**S02P02_tutorial_jit_compilation_with_jax.ipynb**

Arz

2024 APR 09 (TUE)

reference:
https://jax.readthedocs.io/en/latest/jax-101/02-jitting.html

In [1]:
import numpy as np

In [2]:
import jax
import jax.numpy as jnp
from jax import lax
from jax import grad, jit
from jax import random

In [3]:
%xmode minimal

Exception reporting mode: Minimal


# how JAX transforms work

Python code -> [tracing] -> jaxpr -> [transformation]

In [4]:
from jax import make_jaxpr

In [5]:
g = []  # global list

def log2(x):
    g.append(x)
    ln_x = jnp.log(x)
    ln_2 = jnp.log(2.)
    return ln_x/ln_2

In [6]:
print(make_jaxpr(log2))
print(make_jaxpr(log2)(3.))

<function make_jaxpr(log2) at 0x7248eabb39c0>
{ lambda ; a:f32[]. let
    b:f32[] = log a
    c:f32[] = log 2.0
    d:f32[] = div b c
  in (d,) }


note: **jaxpr ignores side-effects**

ex) g.append()

In [7]:
def log2_with_print(x):
    print("x:", x)
    ln_x = jnp.log(x)
    ln_2 = jnp.log(2.)
    return ln_x/ln_2

In [8]:
print(make_jaxpr(log2_with_print)(3.))

x: Traced<ShapedArray(float32[], weak_type=True)>with<DynamicJaxprTrace(level=1/0)>
{ lambda ; a:f32[]. let
    b:f32[] = log a
    c:f32[] = log 2.0
    d:f32[] = div b c
  in (d,) }


In [9]:
def log2_with_cond(x):
    if x.ndim == 2:
        ln_x = jnp.log(x)
        ln_2 = jnp.log(2.)
        return ln_x/ln_2
    else:
        return x

In [10]:
print(make_jaxpr(log2_with_print)(2.))

x: Traced<ShapedArray(float32[], weak_type=True)>with<DynamicJaxprTrace(level=1/0)>
{ lambda ; a:f32[]. let
    b:f32[] = log a
    c:f32[] = log 2.0
    d:f32[] = div b c
  in (d,) }


In [11]:
print(make_jaxpr(log2_with_cond)(3.))

{ lambda ; a:f32[]. let  in (a,) }


# JIT compiling a function

## ex) SELU

In [12]:
def selu(x, alpha=1.67, lamda=1.05):
    return lamda*jnp.where(x > 0, x, alpha*jnp.exp(x) - alpha)

In [13]:
x = jnp.arange(1000000)

### sending one operation at a time to the accelerator

this limits the ability of the XLA compiler to optimize our functions.

In [14]:
%timeit selu(x).block_until_ready()

1.71 ms ± 266 µs per loop (mean ± std. dev. of 7 runs, 1 loop each)


### JIT

In [15]:
selu_jit = jit(selu)

# warm-up
selu_jit(x).block_until_ready()  # because first run includes compiling time

%timeit selu_jit(x).block_until_ready()

87.1 µs ± 14.4 µs per loop (mean ± std. dev. of 7 runs, 10,000 loops each)

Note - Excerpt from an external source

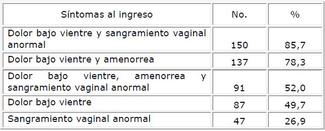 El 85,7 % de las pacientes acudió con los síntomas de dolor bajo vientre y sangramiento vaginal anormal, seguidas por las que presentaron dolor bajo vientre y amenorrea (78,3 %) (Tabla 3).

# why can't we just JIT everything?

not-to-jit cases

## ex) if conditioned on the value

In [16]:
def f(x):
    if x > 0:
        return x
    else:
        return -x

In [17]:
f_jit = jit(f)

# f_jit(1.)  # forbidden: throws error

## ex) while loop conditioned on the value

In [18]:
def f(x, n):
    i = 0
    while i < n:
        i += 1
    return x + i

In [19]:
f_jit = jit(f)

# f_jit(7., 30.)  # forbidden: throws error

### solution #1: jit part of the function

In [20]:
@jit
def loop_body(i):
    return i + 1

def f(x, n):
    i = 0
    while i < n:
        i = loop_body(i)
    return x + i

In [21]:
f(7., 30.)

Array(37., dtype=float32, weak_type=True)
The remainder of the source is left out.